Recorded data:
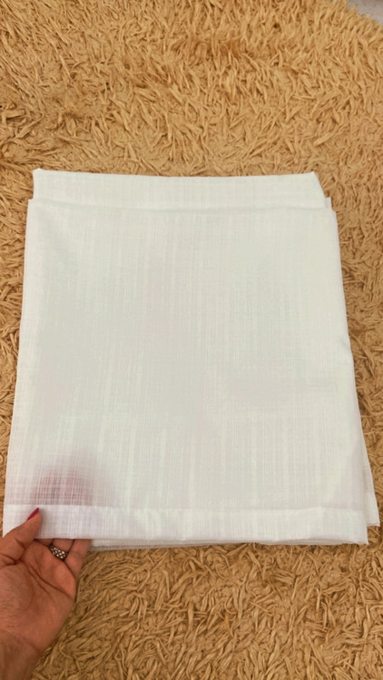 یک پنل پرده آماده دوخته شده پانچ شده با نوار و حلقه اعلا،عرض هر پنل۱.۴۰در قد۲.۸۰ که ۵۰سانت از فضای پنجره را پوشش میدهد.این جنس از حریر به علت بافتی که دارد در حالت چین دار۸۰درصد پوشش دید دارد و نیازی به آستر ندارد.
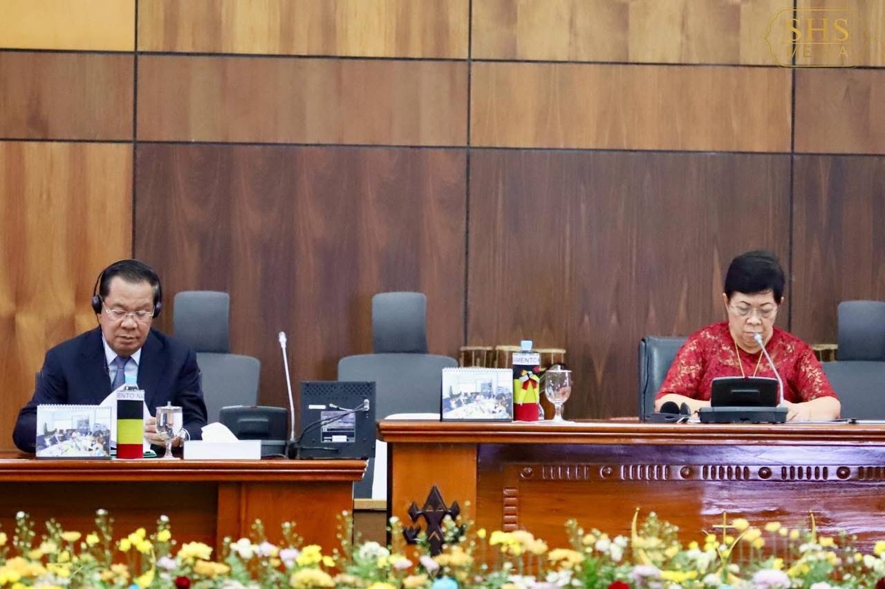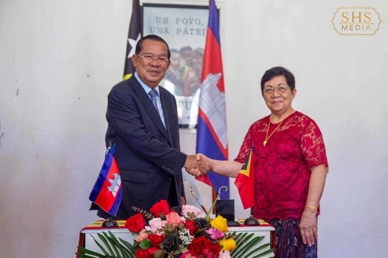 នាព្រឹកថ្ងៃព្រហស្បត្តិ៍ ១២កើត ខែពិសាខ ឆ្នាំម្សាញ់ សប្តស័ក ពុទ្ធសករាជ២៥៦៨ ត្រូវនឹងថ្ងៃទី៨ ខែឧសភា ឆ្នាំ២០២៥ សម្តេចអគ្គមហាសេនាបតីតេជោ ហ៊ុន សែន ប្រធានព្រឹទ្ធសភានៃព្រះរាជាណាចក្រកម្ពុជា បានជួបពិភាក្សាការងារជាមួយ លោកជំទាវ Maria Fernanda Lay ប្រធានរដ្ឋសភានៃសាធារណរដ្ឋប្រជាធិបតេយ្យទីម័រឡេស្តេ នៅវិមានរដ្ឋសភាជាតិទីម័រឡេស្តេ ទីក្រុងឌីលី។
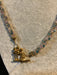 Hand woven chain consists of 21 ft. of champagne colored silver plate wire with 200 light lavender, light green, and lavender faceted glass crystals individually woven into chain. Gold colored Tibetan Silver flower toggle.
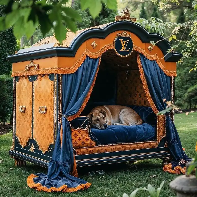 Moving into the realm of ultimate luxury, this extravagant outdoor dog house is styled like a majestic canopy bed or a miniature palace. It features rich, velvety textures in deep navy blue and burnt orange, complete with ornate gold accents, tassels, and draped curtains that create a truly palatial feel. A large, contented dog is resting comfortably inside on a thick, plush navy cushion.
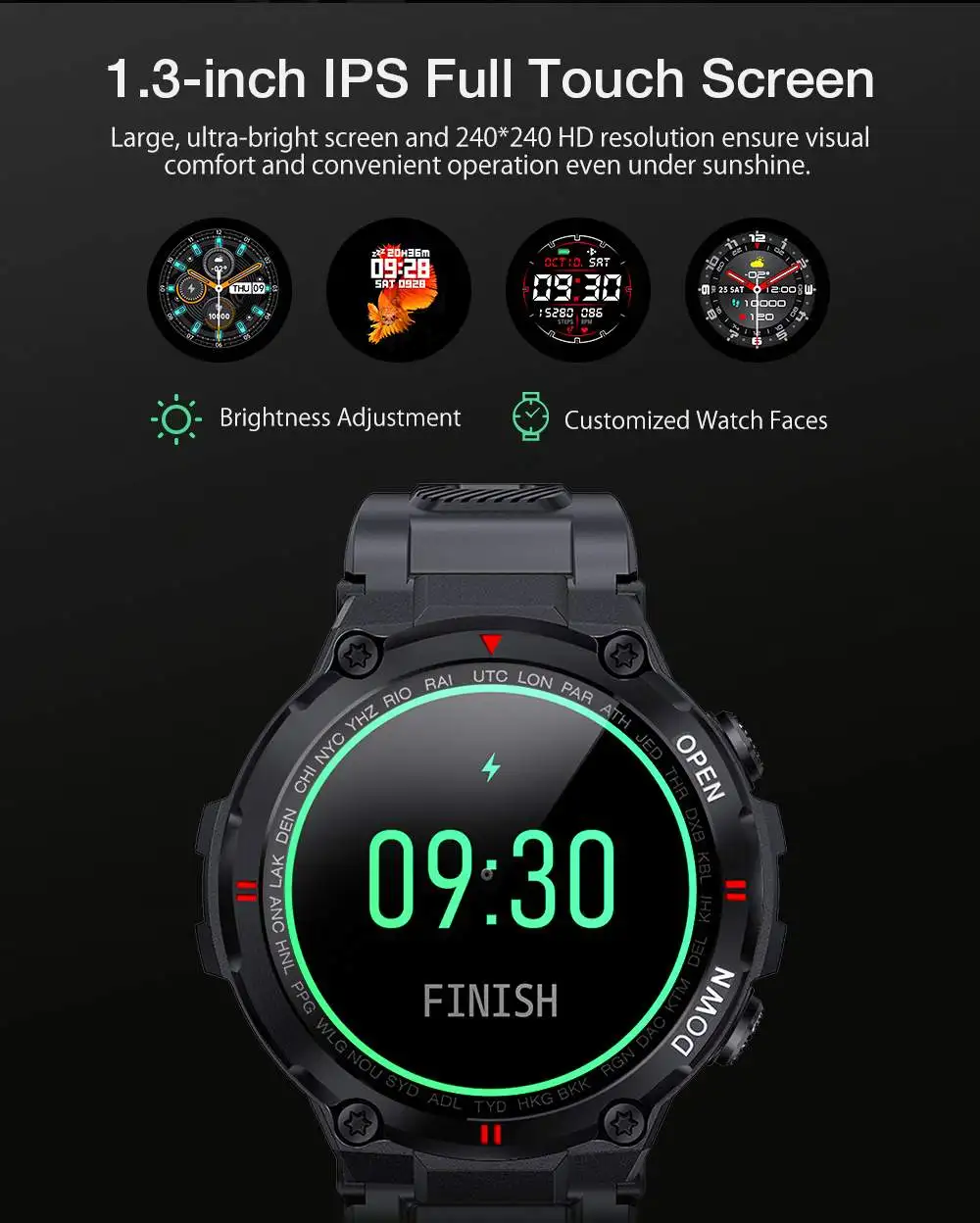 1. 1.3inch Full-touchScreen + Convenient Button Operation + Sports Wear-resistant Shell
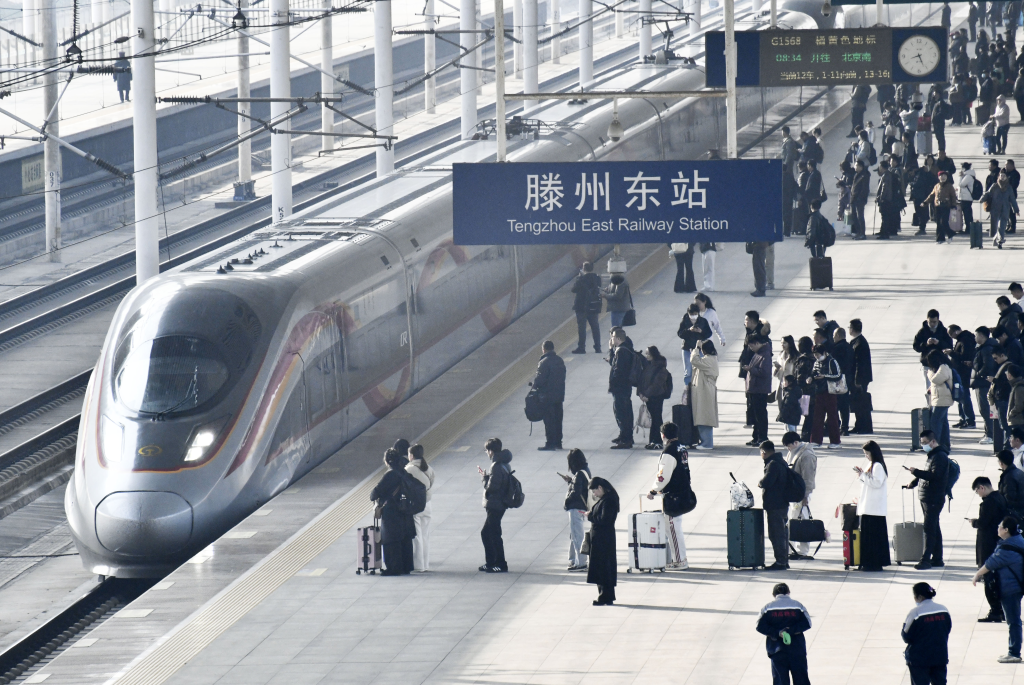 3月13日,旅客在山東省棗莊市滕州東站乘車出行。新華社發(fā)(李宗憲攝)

= THE PROBLEM =
Copy the entries above exactly from the line with "Hand woven chain" down to their last line, both ends included. Do not copy any pictures.

= THE ANSWER =
 Hand woven chain consists of 21 ft. of champagne colored silver plate wire with 200 light lavender, light green, and lavender faceted glass crystals individually woven into chain. Gold colored Tibetan Silver flower toggle.
 Moving into the realm of ultimate luxury, this extravagant outdoor dog house is styled like a majestic canopy bed or a miniature palace. It features rich, velvety textures in deep navy blue and burnt orange, complete with ornate gold accents, tassels, and draped curtains that create a truly palatial feel. A large, contented dog is resting comfortably inside on a thick, plush navy cushion.
 1. 1.3inch Full-touchScreen + Convenient Button Operation + Sports Wear-resistant Shell
 3月13日,旅客在山東省棗莊市滕州東站乘車出行。新華社發(fā)(李宗憲攝)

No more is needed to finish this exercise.